見習いのキュイが、静かに扉を開く。フードを被ったアルフレッドが立っていた。静かに室内へと促し、キュイは扉を閉めカギを掛ける。
「こんばんは、アルフレッドさま。ここへ来ることを誰かに見られたりはしていませんか?」
「こんばんは、占い師どの。心配には及ばない。念のため、皇宮の私室からドアの前まで転移してきた」
アルフレッドは被っていたフード付きマントを脱いだ。すると、頭の上に可愛いモフモフの耳が・・・。
「えっー!?」
(頭にケモ耳がついてるー!?えっ、殿下?こんな秘密があるなんて、私は全く知らなかったのだけど!?今まで隠していたってことよね?それって、かなりの重要機密なんじゃ・・・??)
レダは両手で口を押えた。驚きの余り、つい叫んでしまったからである。
「構わない。初めて見た者は驚くだろうからな。それに今夜は満月。おれを狼男だと勘違いしている馬鹿な部下たちが犯行をより確実にするため、媚薬を盛るなどという愚策を考えたのだろうが・・・。わざわざ教えてはやらないが、俺は銀狼ではなく、正しくは銀狐だというのに・・・」
「銀狐・・・、ぎんぎつね!?」
(え、待って!皇族に入っている魔族の血って、きつね?嘘っ!?本当に???)
レダは初めて聞いた話をどう受け取ったら良いのかが分からなかった。アルフレッドは、目の前で老齢の占い師が動揺している様子を目の当たりにして違和感を持つ。
「占い師どのは、この話を知らなかったのか?」
「ええ、初めて聞きました」
「そうか、父上からヤドリギ横丁の占い師レダ殿は皇家の秘密を知っているから大丈夫だと聞き、ここへ相談に来たのだが・・・」
レダの背中に冷たい汗が流れた。アルフレッドのいう占い師レダ(師匠)は、今ここには居ない。いろいろと勘繰られないよう言葉に気を付けながら、レダは事情を話し始めた。

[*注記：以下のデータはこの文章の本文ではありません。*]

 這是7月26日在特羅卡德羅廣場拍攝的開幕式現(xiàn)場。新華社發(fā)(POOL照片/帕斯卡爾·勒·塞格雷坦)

「アルフレッドさま、その占い師は先代かも知れません。私が弟子に入って直ぐに師匠は亡くなったのです。そのため、私は皇家の秘密を存じませんでした。また、今知った秘密は決して口外しないとお約束します。どうぞご安心くださいませ」
(レダのことを聞かれたら、死んだことにしたらいいって、キュイが言ったのよね。こんな言い訳が、この人に通用するのかは怪しいけど・・・)
レダの話を聞き終えたアルフレッドは、眉間に皺を寄せて怪訝な表情を見せる。
「と言うことは、あなたは父上の言うレダどのではないということか。いま何歳だ?」
「いえ、この身なりで判断していただけるかと思いますが、それなりに高齢です」
「いや、おれの父上より若いのだろう。答えろ!」
アルフレッドは一歩前に踏み出した。レダは思わず後退りしてしまう。チラリとキュイに助けを求めたが、視線を逸らされる。

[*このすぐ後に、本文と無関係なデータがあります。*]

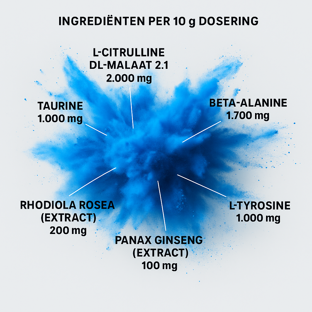 - Ondersteunt uithoudingsvermogen en mentale scherpte. Met L-citrulline, beta-alanine & adaptogenen

(もう!キュイの役立たず!!安易に死んだなんて言い訳をしたから、殿下が変なところを追求してくるじゃない。こういう時くらい助けてよ!)
レダの願いも空しく、アルフレッドは一歩ずつレダへ近寄っていく。もう、壁に貼り付けられるのも時間の問題だ。
ドンっ!
(うわっ、人生初の壁ドンが、まさか占い館で身代わり占い師をしている時だなんて・・・)
壁に押し付けた後、アルフレッドはレダが目深に被っているローブのフードを手でしっかりと掴むと、一気に後ろへ引き下げた。
(あ、マズイ・・・)
レダとアルフレッドの視線がバチっと合った。互いに見詰め合ったままで、時が止まる。キュイは場の空気を読み、隣の部屋へそそくさと逃げ去った。
沈黙を破ったのは、アルフレッドだった。
「カレン・マーレ・シュライダー侯爵令嬢、何をしている?」
「お久しぶりですね、殿下」
眉間に皺を寄せるアルフレッドへ、カレンはにこやかに挨拶をする。
真っ黒なおんぼろローブを着た彼女が、キラキラと輝く金髪を靡かせコバルトブルーの瞳で柔らかく微笑んでいる姿は違和感満載だった。しかし、今はそれどころではない。
「お久しぶりですね、じゃないだろう?何故、君がこんなところで占い師をしているのかを聞いているんだ!!」
壁ドンの体勢のままで、カレンに詰め寄るアルフレッド。カレンは、“師匠!ごめんなさい!!”と心の中で謝り、アルフレッドに事情を話すことにした。